Many return-on-investment stats are mooted in support of user centred design and its impact on revenue. One of the most striking examples is in the retail banking industry.
A good customer experience is associated with growth rates 163% higher than the average - a fact supported by the expansion of banks like First Direct and TSB - two of the most user friendly brands to emerge from the account switching revolution.
The Importance of “Moments of Truth”
Banks rely heavily on the customer experience benchmark known as the Net Promoter Score. Those with scores above 60 will tend to see 26% more growth in operating income than those with scores below 60. A good score will help to build-up a reputation in the media, and encourage trust in the service.
This clear reaction to service standards reflects an industry which is built on customer experience, which in turn means that banking customers are some of the most volatile when they feel this trust has been broken or they aren’t being served.
Customers react strongly to simple one-off encounters which can quickly transform their relationship with the bank - summed up by the World Retail Banking Report as ‘Moments of Truth’; these moments can be fairly innocuous interactions in the customer journey such as changing your billing address or simple notifications, where customers come away feeling positive, or they meet friction.
It therefore makes sense that a recent survey reported 54% of banking professionals predicted the biggest trend of 2017 would be to iron out any friction in the Customer Journey. (Despite the fact only 37% of banks have a formal Customer Experience plan to support this philosophy, although 80% plan to invest more in the next three years.)
The message we take from this is that Banks believe consolidating the overall customer experience is more important than technological experimentations.

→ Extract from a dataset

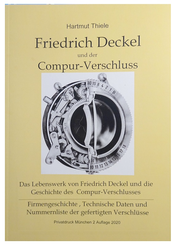 der Privatdruck von Hartmut Thiele "Friedrich Deckel und der Compur-Verschluss", 2. Auflage von 2020 beschreibt auf 110 Seiten Leben und Werk von Friedrich Deckel mit Fokus auf den mechanischen Compur-Schluss in seinen diversen Modell-Varianten. Mit zahlreichen Abbilungen und technischen Skizzen.

Removing friction in the customer journey might be sufficient right now - the impact of a bad experience is often stronger than a good one - but a conservative approach to new technology won’t wash with a growing audience of millennials.

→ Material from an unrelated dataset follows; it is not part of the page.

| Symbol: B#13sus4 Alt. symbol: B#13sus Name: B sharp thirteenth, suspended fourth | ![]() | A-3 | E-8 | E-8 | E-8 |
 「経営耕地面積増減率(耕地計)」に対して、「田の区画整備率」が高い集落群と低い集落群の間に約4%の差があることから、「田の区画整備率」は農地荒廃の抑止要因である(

The Value of Engagement and the Impact of Millennials
In the past, the conversation in the banking industry boiled down to a fairly simple question: How to retain loyal customers and acquire new ones. The benefits of actually engaging the customer base would often get buried in the fight for territory.

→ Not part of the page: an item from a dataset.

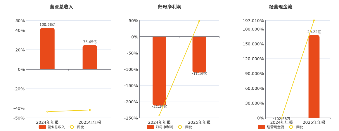 公司营业总收入为75.65亿元,较去年同报告期营业总收入减少54.73亿元,同比较去年同期下降41.98%。归母净利润为-11.16亿元,在已披露的同业公司中排名第38。经营活动现金净流入为20.22亿元。

Banks are now being challenged to engage audiences through combinations of Artificial Intelligence, home assistants like Alexa, social media, and mobile. These technologies can target customers individually, cross-selling products and services which they know that particular customer would be interested in.
According to a recent KPMG survey, personalisation alone accounts for 23% of the overall customer experience score. The reward is clear - customers who are fully engaged bring 37% more annual revenue to their bank than customers who are actively disengaged; for example, banks could dominate simple cross-selling markets like travel insurance.
Problematically a recent Gallup poll stated:
Only 25% of Millennials are fully engaged customers, and their engagement is highly dependent on technology. In order to attain their attention brands must achieve excellence in every channel.
This has influenced many digital challenger banks towards a technology-led approach, perhaps at the expense of building this technology into a unified customer experience, but then all banks have vastly different growth strategies and audiences.
Digital challengers have less to lose and everything to gain, but for all banks, technology adoption should never be the end-goal in its own right. It’s application as part of the wider customer experience and how it responds to the individual is everything.
Engagement in banking can be a complicated subject. Customers don’t and won’t want to engage with their bank in the same way they do with recreational brands or apps.
But they do appreciate services which are always available, non-invasive, timely, and personalised.